* _Task to complete_: Copy, word for word, the lines of the listing below from the line with "jogja-jakarta bersama bus" up to and including the line with "Materiales: Cadena de". Drop the pictures.

* _Raw data_:
::::

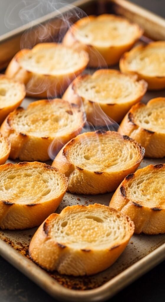 [Image Prompt] Diagonal slices of rustic baguette bread arranged on a cutting board, showing the perfect ½ inch thickness and golden-brown crusted exterior.
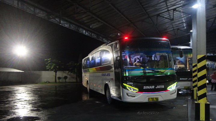 jogja-jakarta bersama bus PO sinar jaya berkaroseri laksana
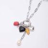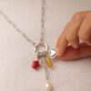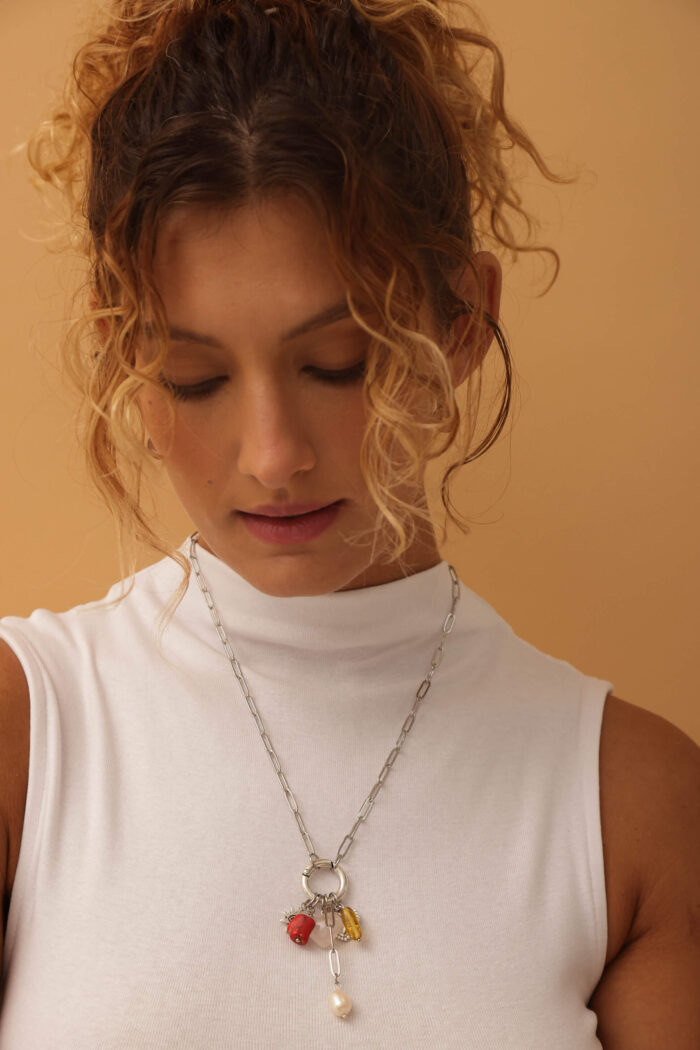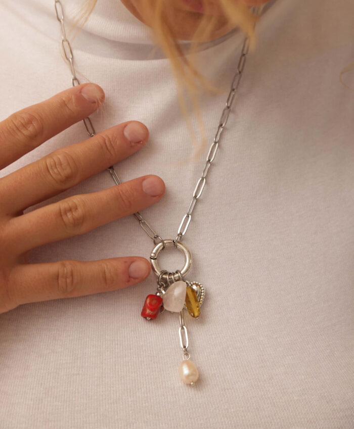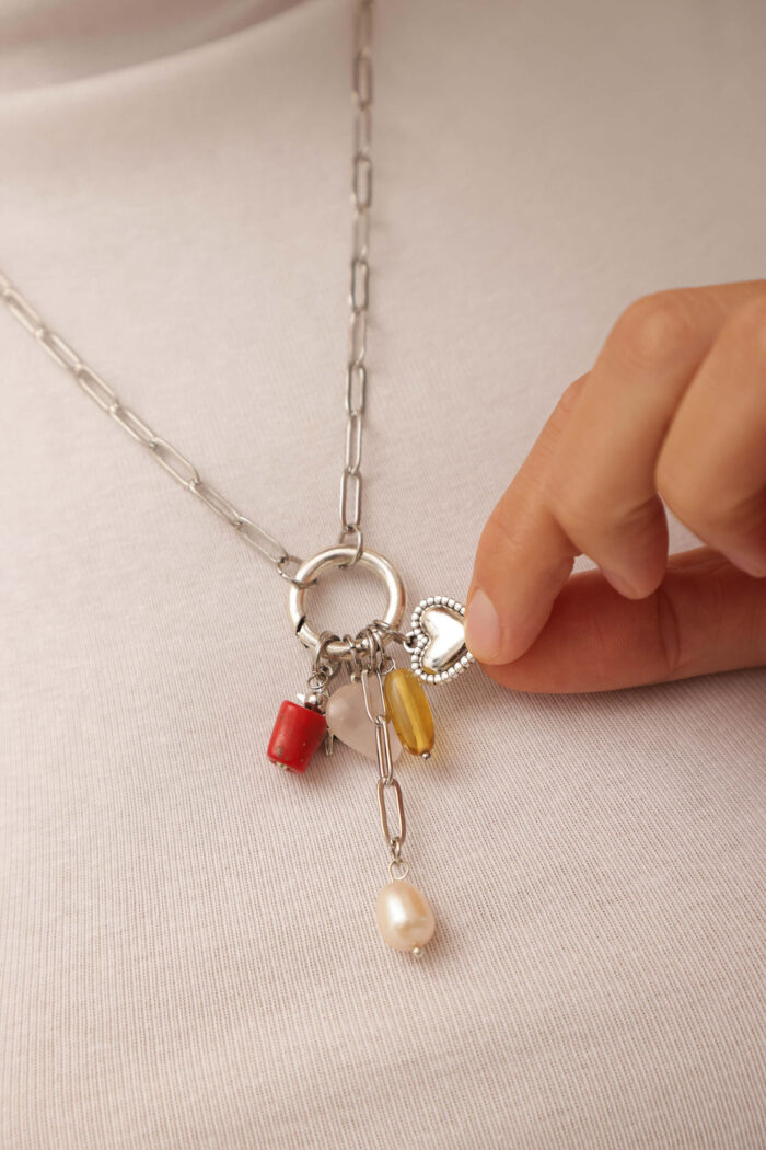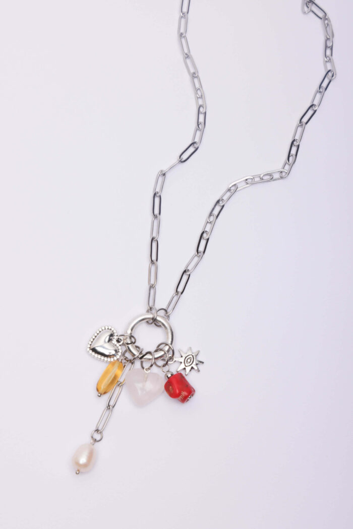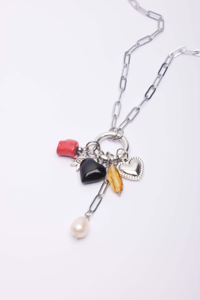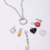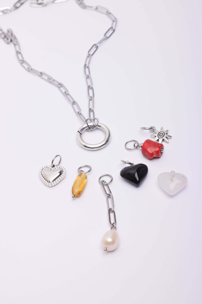 Materiales: Cadena de acero quirúrgico, dijes intercambiables con: perla de río, coral, ámbar, corazon de obsidiana o cuarzo rosa.
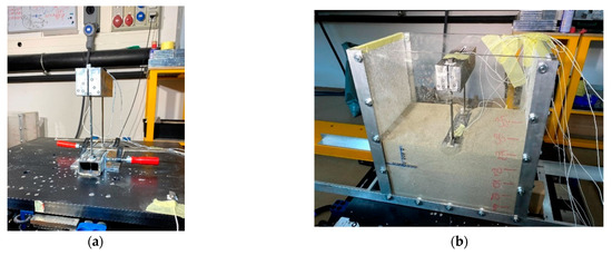 A large number of measuring instruments were used for the purpose of testing. Accelerometers were placed on top of the structure model, on the foundation and on the shaking table. Accelerometers were used to obtain shear wave velocity in sand and to determine the period of vibration of the model before the dynamic test was conducted. The accelerometers had a sensitivity of 4.91 mV/g. Displacements were measured with two optical measuring systems. The first system (marked with number 4 in Figure 2d) was used to measure displacements of the structural model, and the other for measuring the displacement of the soil model (marked with number 3 in Figure 2d). The dynamic response of the structure model was recorded by an optical 3D displacement and deformation measurement system GOM Aramis and Pontos with frequency recording up to 160 fps in full resolution. The measuring volume covered by the system is 2000 mm × 1000 mm × 500 mm. Soil displacement was measured using a GOM Aramis 12 M noncontact optical 3D displacement and deformation measurement system with 12 mm focal length lenses and a speed of 3 images per second.

::::

* _Answer for this exercise_:
 jogja-jakarta bersama bus PO sinar jaya berkaroseri laksana
 Materiales: Cadena de acero quirúrgico, dijes intercambiables con: perla de río, coral, ámbar, corazon de obsidiana o cuarzo rosa.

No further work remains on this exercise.